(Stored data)
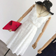 2017春季新款韩版气质V领睫毛蕾丝拼接羽毛修身无袖连衣裙吊带裙
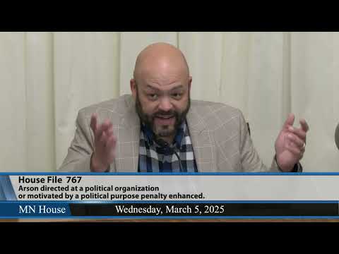 Representative Matt Hudson introduced House File 767 to the Minnesota House Public Safety Committee on March 5, 2025, proposing an enhanced first-degree arson penalty when a fire damages a building that houses a political organization or when the offense was committed "in whole or substantial part" to make a political statement.
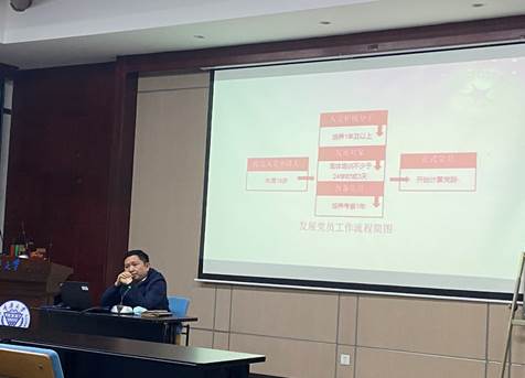在最后的“大学生入党流程理论与实务解析”主题学习中,杨聪林细致的为大家讲解了入党的流程,从提交入党申请书、入党积极分子的确立与培养,到发展对象的培训与预备党员的培养考察,最终预备党员转正成为正式的党员。他不仅讲解了发展党员的流程,还对严格入党流程的必要性做了讲解,强调要树立正确的入党动机,坚定入党的理想信念,不断加强对党的基本知识的学习。
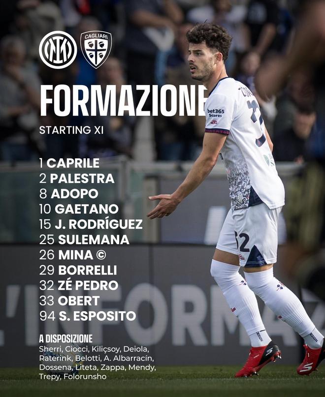 北京时间4月18日02:45,意甲第33轮的一场较量。国米坐镇主场,迎战卡利亚里。赛前,双方的阵容公布如下:
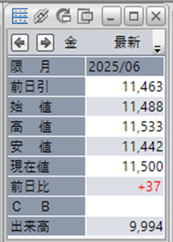 金価格は、6:00時点での終値は11,500円となっています。
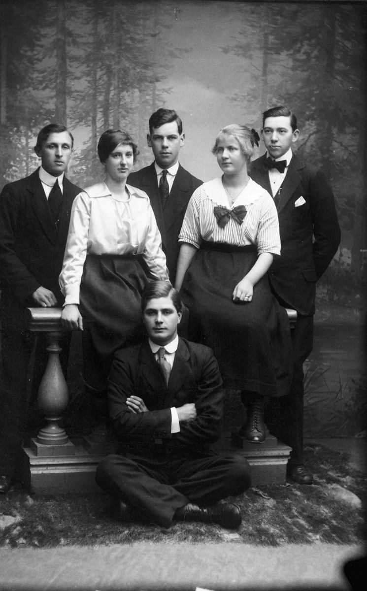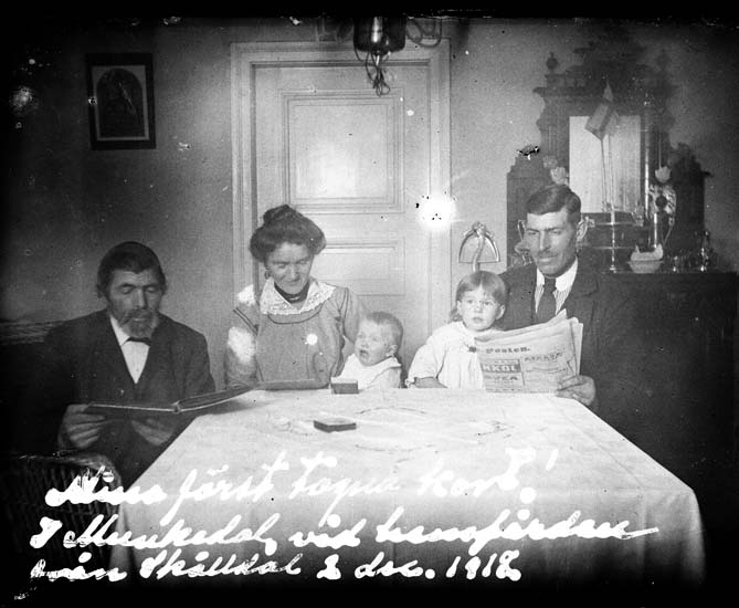 Skrivet på bilden: "Mina först tagna kort! I Munkedal vid hemfärden från Skålldal 2 dec. 1918."
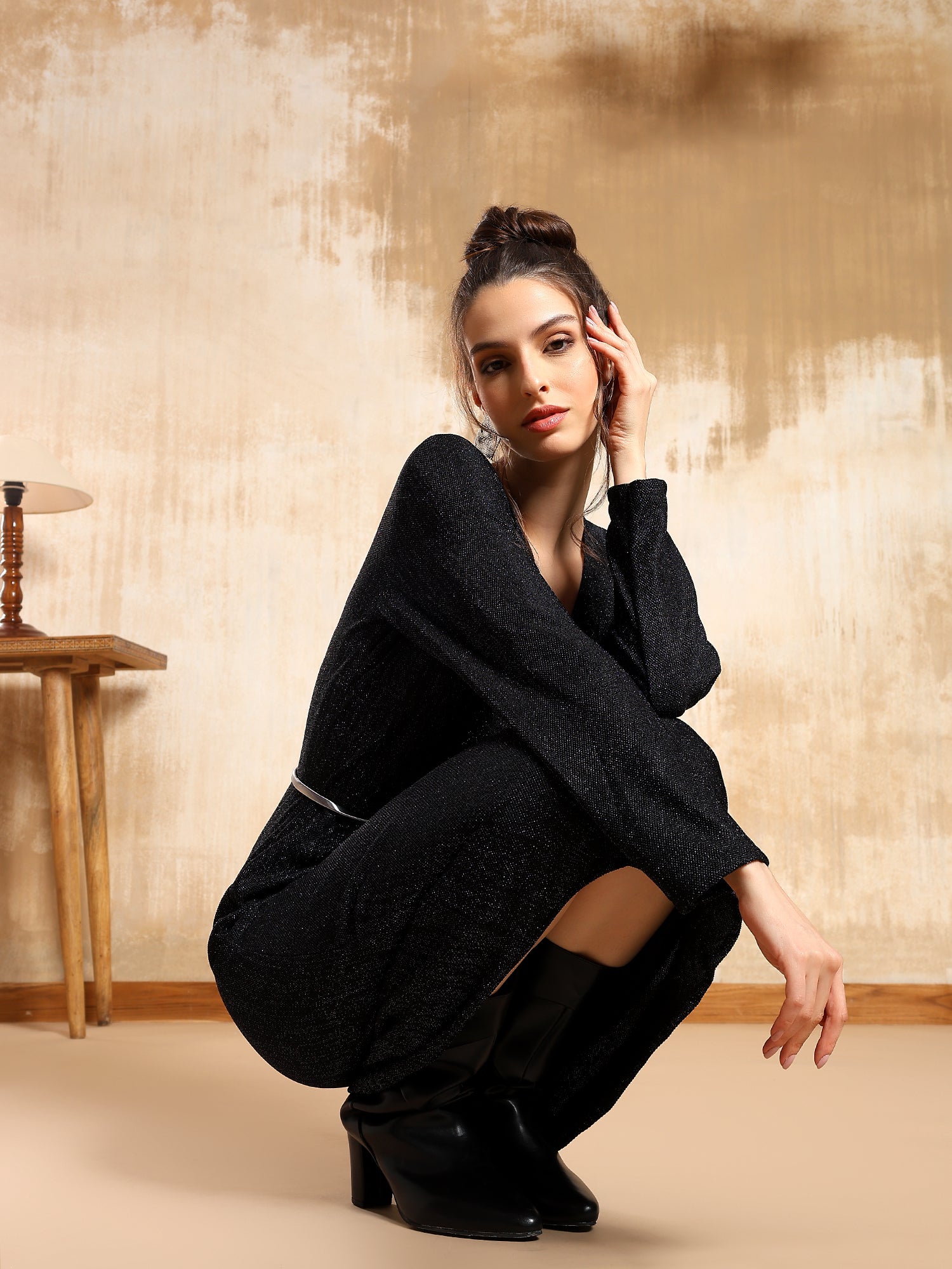 The Lunet Drape Dress embodies effortless sophistication with a touch of subtle allure. Crafted from a soft metallic stretch knit, it features a gentle shimmer that catches the light evoking the quiet elegance of moonlit nights. The draped detailing at the waist enhances the natural silhouette, while the V-neckline and long sleeves create a balance of comfort and refinement.

**What is being asked**
Print exactly the lines above that run from the one with "金価格は、6:00時点での終値は11,500円となっています。" down to the one with "först tagna kort!", and omit the pictures.

**Task response**
 金価格は、6:00時点での終値は11,500円となっています。
 Skrivet på bilden: "Mina först tagna kort! I Munkedal vid hemfärden från Skålldal 2 dec. 1918."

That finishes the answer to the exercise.